Introduction
A neuropeptide, Substance P (SP, sequence: Arg-Pro-Lys-Pro-Gln-Gln-Phe-Phe-Gly-Leu-Met-NH2), works as a mitogen in many kinds of tumour cells [11,28]. The compound increases tumour cell proliferation, stimulates migration of cancer cells and angiogenesis [17]. These actions are dependent on the binding of SP to the neurokinin-1 receptor (NK1R) which is overexpressed by numerous types of cancer cells. Thus, it had been proposed that blocking this receptor could be a therapeutic strategy for anti-cancer drugs [15].
Following this proposal, several NK1R antagonists were validated to possess anticancer, cytotoxic action in vitro on many cell lines and in vivo in animals xenografted with tumours [17,19,22]. The tested antagonists included mainly small organic molecules, like aprepitant, L732,138 or L733,060. Studies devoted to this type of compounds are numerous, while relatively little is known on anticancer action of peptide NK1R antagonists [10,24,25,27]. The latter were the first NK1R antagonists [23], but with small molecular NK1R antagonists having been developed, peptides were largely abandoned since until recently a prevalent opinion was that peptides were not good candidates for drugs [7].

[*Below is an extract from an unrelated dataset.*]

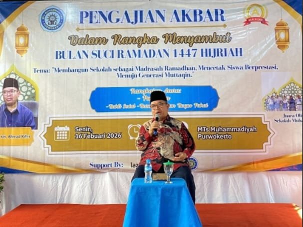 Emsatunews.co.id || Purwokerto, Banyumas ~ Sekitar 200 jamaah yang terdiri dari calon wali murid, wali murid, serta tamu undangan menghadiri Tabligh Akbar dalam rangka menyambut bulan suci Ramadhan 1447 H yang digelar oleh MTs Muhammadiyah Purwokerto. Kegiatan yang berlangsung khidmat tersebut dilaksanakan di halaman sekolah pada Ahad, 16 Februari 2026, dan dimulai sejak pukul 07.30 WIB.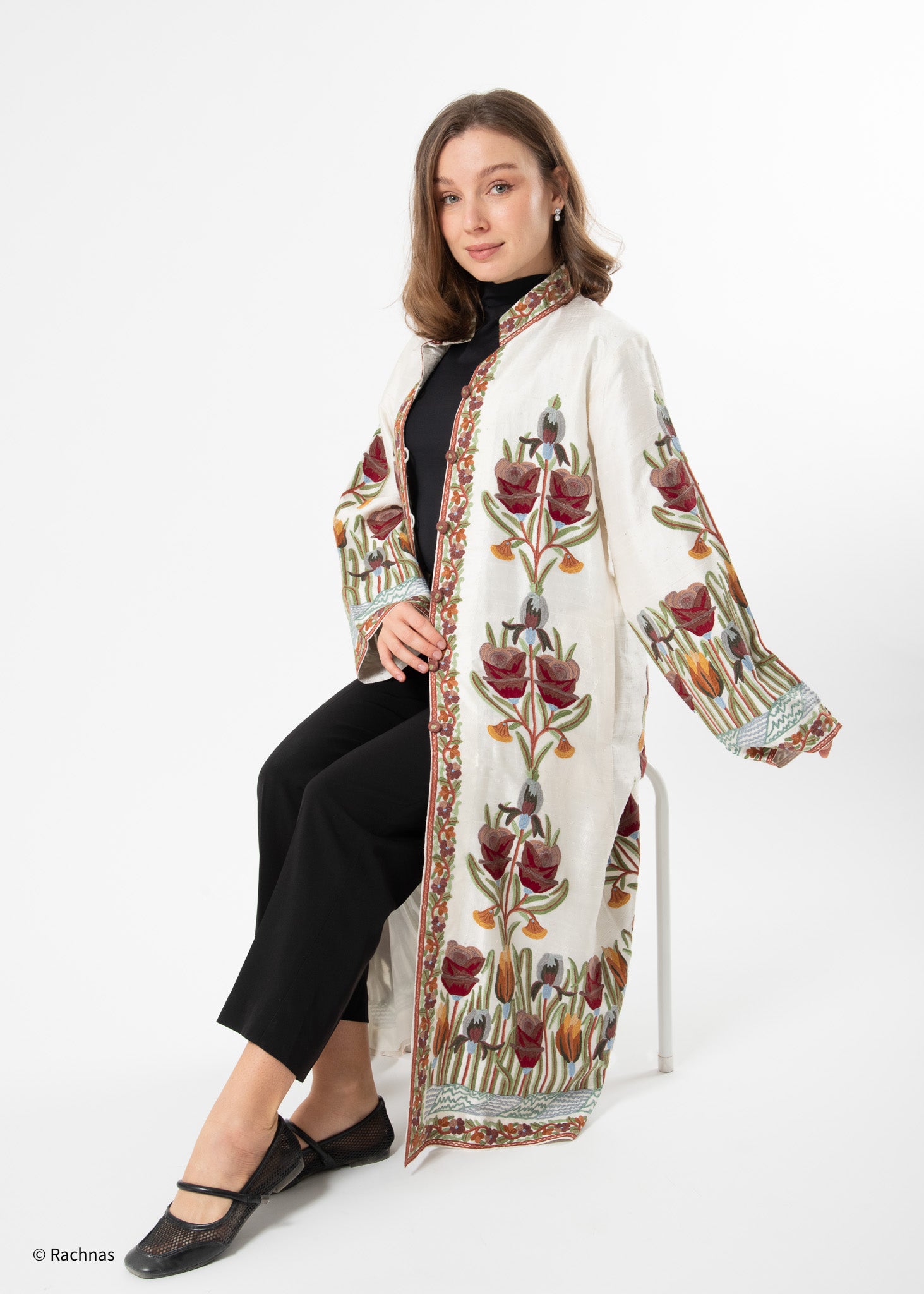 Our elegant 100% Silk Long Coat, adorned with intricate Kashmiri embroidery that graces the garment from edge to edge.

The opinion mentioned above was based on the fact that in general peptides have low stability in plasma (high susceptibility to proteolysis) and poorly cross biological membranes. This results in low oral bioavailability. Nowadays the view has been changed. Peptides receive more and more attention in drug discovery efforts [5,7]. This is inter alia due to the fact that peptides are particularly well suited for use in the design of multitarget compounds [3] as they can be easily hybridized by simple formation of a peptide bond between two (or more) functionalities.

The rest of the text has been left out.